I have the following grammar in a Bisone file:

item
    : "ITEM" t_name t_type v_storage t_prefix t_tag ';'
    ;
t_name
    : [$_A-Za-z][$_A-Z0-9a-z]*
    ;
t_type
    : "BYTE"
    | "WORD"
    | "LONG"
    | "QUAD"
    ;
v_storage
    : %empty
    | "TYPEDEF"
    ;
t_prefix
    : %empty
    | "PREFIX" t_name
    ;
t_tag
    : %empty
    | "TAG" t_name
    ;

When I attempt to parse the following string ITEM foobar BYTE PREFIX str_ TAG S TYPEDEF; I get an unexpected 'TYPEDEF" and it accepts the ";". Is there something I need to do to allow any order to be specified? If so, I'm hoping that there is a simple solution. Otherwise, I'll need to do a little more work.

Cœur
  • 37,241
  • 25
  • 195
  • 267
JonBelanger
  • 150
  • 3
  • 12
  • Is this the same question? https://stackoverflow.com/questions/13786896/how-would-i-declare-a-grammar-rule-for-a-number-of-tags-in-any-order – Barmar Sep 26 '18 at 23:10
  • `t_name : [$_A-Za-z][$_A-Z0-9a-z]*` is not valid bison (or yacc). Please clarify. What tool are you using, exactly? – rici Sep 27 '18 at 01:10
  • I realize that, it is just what that symbol represents. t_name comes from flex and is comprised of alpha-numerics and '$' and '_'. It is not actually in the Bison file. – JonBelanger Sep 27 '18 at 10:37
  • @Barmar: Yes, I missed that one when I did my search. Thanks for pointing it out. – JonBelanger Sep 27 '18 at 10:40
  • Possible duplicate of [How would I declare a grammar rule for a number of tags in any order?](https://stackoverflow.com/questions/13786896/how-would-i-declare-a-grammar-rule-for-a-number-of-tags-in-any-order) – Barmar Sep 27 '18 at 15:35

1 Answers1

1

It is not possible to tell bison (or yacc) that order doesn't matter.

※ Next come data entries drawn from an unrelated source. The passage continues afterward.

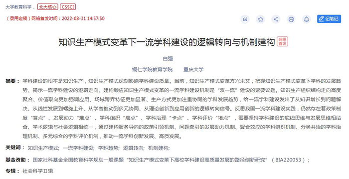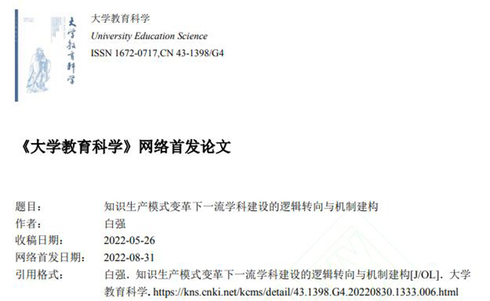 8月31日,高等教育研究领域重要学术期刊《大学教育科学》网络首发beat365白强教授的最新研究成果《知识生产模式变革下一流学科建设的逻辑转向与机制建构》,该成果将在该期刊2022年第5期纸质刊印。该成果15000字,是白强教授近年来相继发表研究成果《大学知识生产模式变革与学科建设创新》(2020年)《世界一流学科的生成逻辑与建设路径——基于中外两所大学两个一流学科生长史的考察》(2019年)《中国特色“双一流”大学建设的逻辑根据与路径选择》(2018年)等CSSCI核心来源期刊论文之后关于学科建设的最新研究成果。
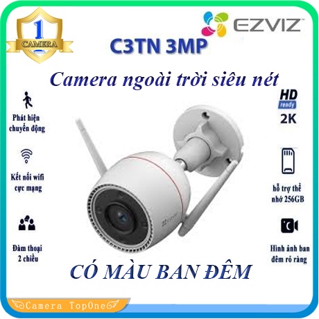 Cameras & Flycam > Camera giám sát > Camera giám sát kết nối internet || Camera Wifi Không Dây IP EZVIZ C3TN 3MP (Color Night Vision)- Camera ngoài trời, màu đêm, đàm thoại 2 chiều, đèn và còiCòn hàng
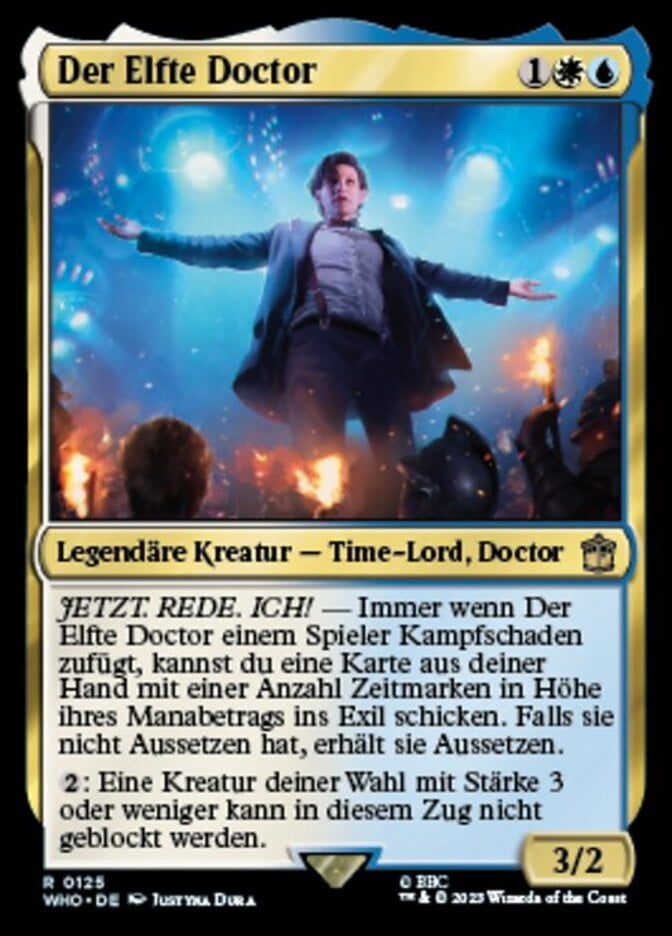 | Rules | I. AM. TALKING! — Whenever The Eleventh Doctor deals combat damage to a player, you may exile a card from your hand with a number of time counters on it equal to its mana value. If it doesn't have suspend, it gains suspend. : Target creature with power 3 or less can't be blocked this turn. |

Rules are strictly ordered.

So you have two options:

  1. List all possible orders. If you do this, watch out for ambiguities caused by optional productions. You'll actually need to list all orders and subsets. That mounts up exponentially.

  2. Just accept any list of components, as a list. That will accept repeated components so you'll need to catch that in the semantic action if you care.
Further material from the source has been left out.